Medicaid debate likely headed to courts after Missouri drops expansion plans

Missouri News

KANSAS CITY, Mo. — Missouri won’t expand Medicaid even though a majority of voters said they wanted to do so.

Voters approved a constitutional amendment last year, allowing more people to qualify for Medicaid. However, lawmakers said there’s no way to fund it, and they approved a budget without money for it.

On Thursday, Gov. Mike Parson said the state is unable to proceed with expansion at this time.

Locally, people in the Kansas City metro are hoping this isn’t the end for Medicaid expansion in Missouri and something changes. That change might come through the courts, as both sides expect lawsuits to follow.

More than 200,000 people in Missouri will be eligible for the expansion if it passes. Many say the amendment is now part of the state’s constitution, and Parson needs to follow it.

Fifty-year-old Bill Thompson, from Independence, sees the expansion of Medicaid as a glimmer of light and hope.

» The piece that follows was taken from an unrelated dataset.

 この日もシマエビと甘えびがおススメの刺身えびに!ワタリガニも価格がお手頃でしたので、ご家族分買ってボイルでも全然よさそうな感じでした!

“The the leadership in Jefferson City has failed us as working people,” Thompson said. “I feel like they don’t care about us. I mean, my life matters. My family’s health, my health is connected to my family’s health.”

State Sen. John Rizzo, D-Independence, is disappointed with the governor’s decision.

“I think that he was probably already ready to go with this decision one way or the other, and he just put his plan into place afterwards and kind of tore the band aid off,” Rizzo said.

Kansas City Mayor Quinton Lucas spoke out about the decision as well, saying Parson should honor the people of Missouri’s vote.

“I think the governor understands that the people of Missouri actually spoke at the ballot box, and I would encourage him to recognize that we need to make sure that Medicaid expansion is funded in Missouri’s budget,” Lucas said.

Richard von Glahn works with Missouri Jobs with Justice, an organization that pushed for Amendment 2, and will now be pushing for the court system to take action.

“We are going to defend that right vigorously and make sure that they get the care that they need,” von Glahn said. “The governor’s actions, anything that the legislature did — does, doesn’t change what the Missouri constitution says, and we’re just going to continue to stand by people, and they’re going to get the justice that they deserve.”

Both Rizzo and von Glahn say a lawsuit will happen, but they’re unsure who will step forward and file it. Rizzo believes the court will uphold the decision, and Medicaid expansion will eventually go forward.